I tried to cast the parameter witch (USR_tu_Para) or (USR_tu_Para.iInt16). But the compiler denied everything I tried.
Any ideas?
Hi Per, thanks for your reply. My first idea was to use void pointers. But finally I decided to reduce the risk a little bit.
I placed enough warnings in my code, that this corner should not be touched without switching on the brain before.
This is the definition of my pointer-array
void (*azfSet[IOACC_ATT_ANZ][5])(word, USR_tu_Parameter)
I hope this scares enough :-)
Anyway: it should be possible to pass a numeric value to a function with union as parameter (standard in c++ without any use of unions).
But finally I decided to reduce the risk a little bit.
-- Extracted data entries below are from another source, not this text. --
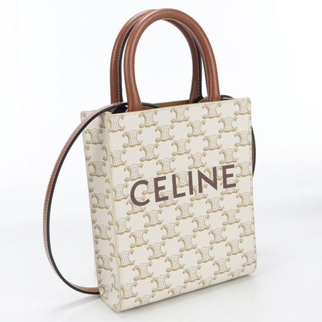 中古良品CELINE セリーヌ ハンドバッグ 19437 2BZK ミニ バーティカル カバ トリオンフキャンバス レディース ホワイト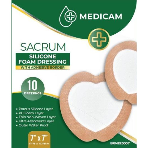 Medicam Sacrum Silicone Foam Dressing, 7"x7" (10pcs)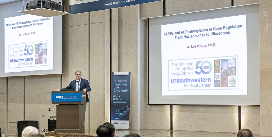 리 크라우스(W. Lee Kraus) 교수가 ‘유전자 조절의 PARP 및 ADP-리보실화: 뉴클레오솜에서 리보솜까지’를 연제로 강연하고 있다.

But you didn't. That union is exactly as risky as passing stuff via (void *). Heck, even variable-number-of-arguments functions would be (slightly) safer than that!
Oh, and the only reason for anyone to be scared of a declaration an array of function pointers like this:
is that you decided against doing it in a much less confusing way, e.g.
#define MEANINGFUL_NAME 5 typedef void (*azfFunction_t)(word, USR_tu_Parameter); azfFunction_t azfSet[IOACC_ATT_ANZ][MEANINGFUL_NAME]